In order to get the most recent record of a certain combination of identifiers, I use the following query:
SELECT t1.*
FROM (
SELECT id, b_id, c_id
FROM a
ORDER BY epoch DESC
LIMIT 18446744073709551615
) AS t1
GROUP BY t1.b_id, t1.c_id
If there are multiple records of a combination of b_id
+ c_id
, then it will always select the one with the highest value of epoch
(and as such, the latest in time).
The LIMIT
is added as a workaround to force MariaDB to actually order the results. I successfully use this construction a lot in my application, and so have others.
However, now I came across an exact same query in my application, where I "accidentally" used more columns than strictly necessary in the sub-query:
SELECT t1.*
FROM (
SELECT id, b_id, c_id, and, some, other, columns, ...
FROM a
ORDER BY epoch DESC
LIMIT 18446744073709551615
) AS t1
GROUP BY t1.b_id, t1.c_id
I've tested both queries. And the exact same query, but with as only change those additional columns, makes the result to become incorrect. In fact, the number of columns determines the result. If I have <= 28 columns, the result is okay. If I have 29 columns, then it gives the third-latest record (which is wrong too), and if I have 30-36 columns it always gives the second-latest record (36 is the total number for table a
). In my testing, it didn't seem to matter which particular column was removed or added.
I'm having a hard time finding out why exactly the behavior changes after I add more columns. Also, perhaps by chance, it still gave the correct result yesterday. But today suddenly the result changed, probably after new records (with unrelated identifiers) were added to table a
. I've tried using EXPLAIN
:
# The first query, with columns: id, b_id, c_id
id select_type table type possible_keys key key_len ref rows Extra
1 PRIMARY <derived2> ALL NULL NULL NULL NULL 280 Using where; Using temporary; Using filesort
2 DERIVED a ALL NULL NULL NULL NULL 280 Using filesort
# The second query, with columns: id, b_id, c_id, and, some, other, columns, ...
id select_type table type possible_keys key key_len ref rows Extra
1 PRIMARY <derived2> ALL NULL NULL NULL NULL 276 Using where; Using temporary; Using filesort
2 DERIVED a ALL NULL NULL NULL NULL 276 Using filesort
But that doesn't really help me much, other than that I can see that the key_len
is different.
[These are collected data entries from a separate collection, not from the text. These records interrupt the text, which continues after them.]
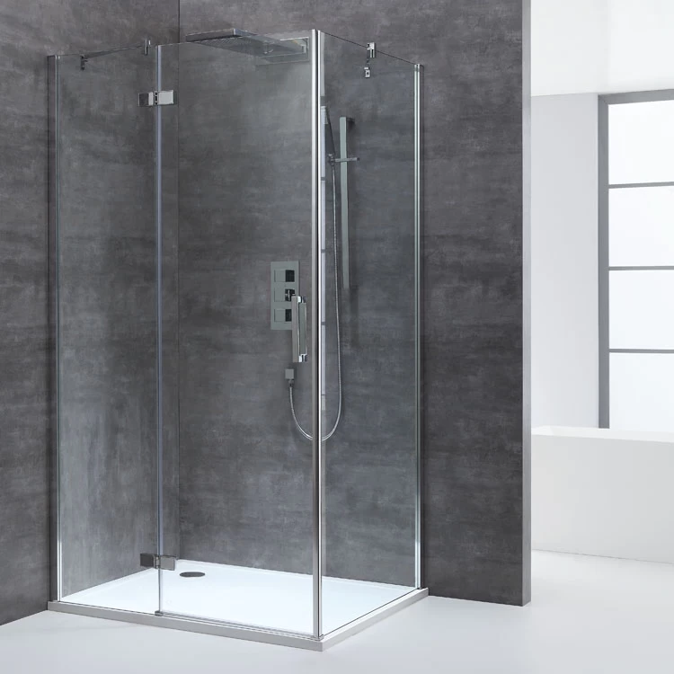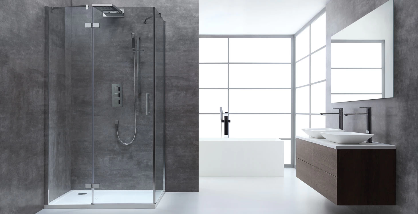Bei einer Dusche sind die Beschläge von besonderer Bedeutung, da die Qualität genau davon abhängt. Wir haben uns insbesondere bei der Entwicklung unserer Scharniere an Ihren Wünschen orientiert. Unsere Beschläge sind innenseitig am Glas flächenbündig anliegend. Das sieht nicht nur gut aus, sondern erleichtert die Reinigung der Glasdusche wesentlich.
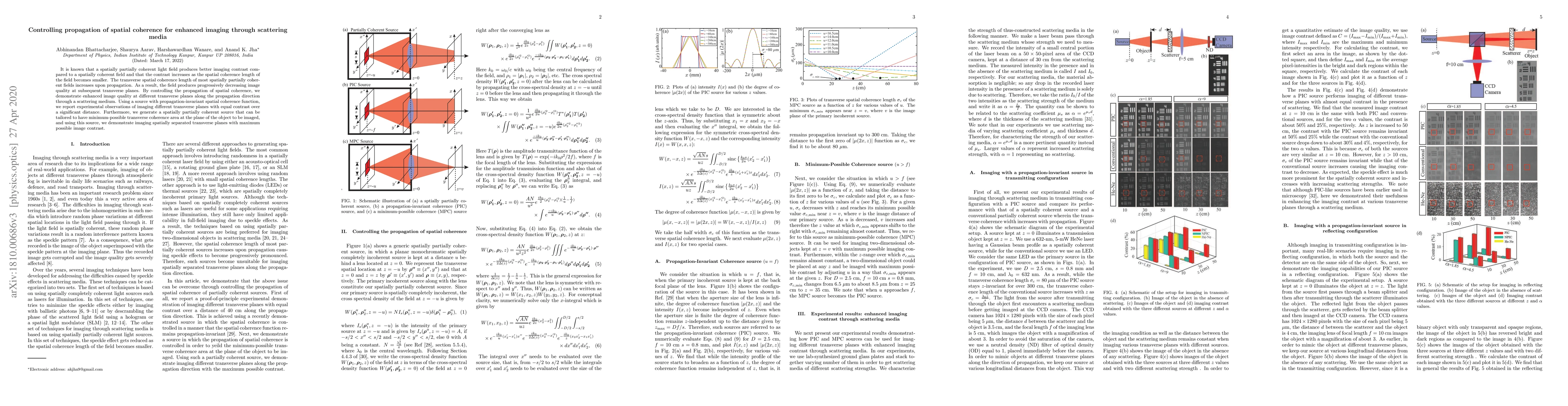This paper explores controlling the propagation of spatial coherence to enhance imaging through scattering media, demonstrating improved image quality at various transverse planes. By utilizing a propagation-invariant spatial coherence function, the authors achieve consistent contrast over a significant distance and maximize image contrast for spatially separated planes.
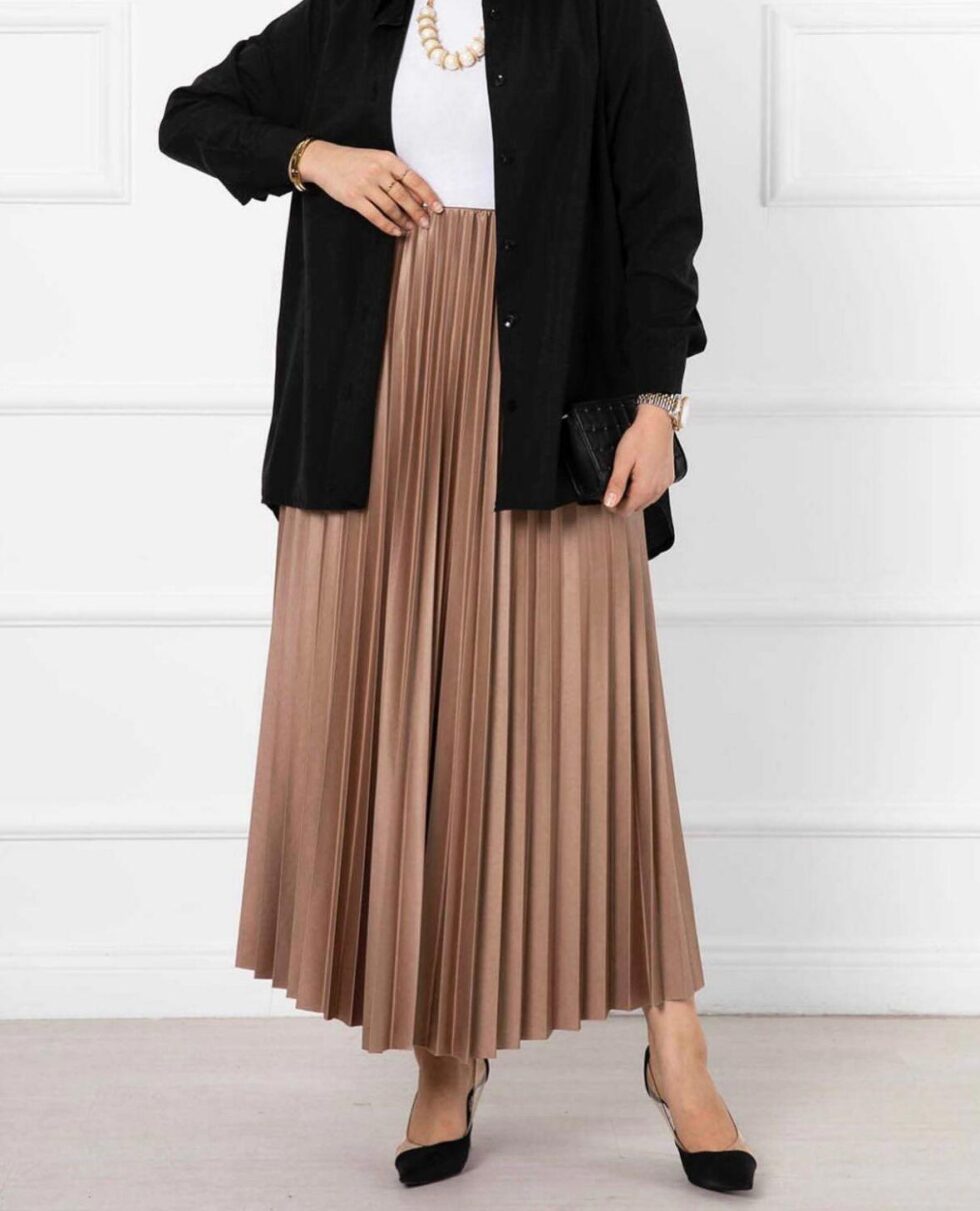 Genç ve dinamik tarzınızı yansıtan, vizon rengindeki düz desenli ince piliseli etek ile gün boyu rahatlığınızdan ödün vermeyin.

The second-latest record that is incorrectly received in the second query is one where id = 276
, the actual latest record that it correctly retrieves using the first query is one where id = 278
. In total there are 307 rows now, and yesterday perhaps just ~300. I'm not sure how to interpret these results to understand what is going wrong. Does anyone know? And if not, what else can I do to find out what is causing these strange results?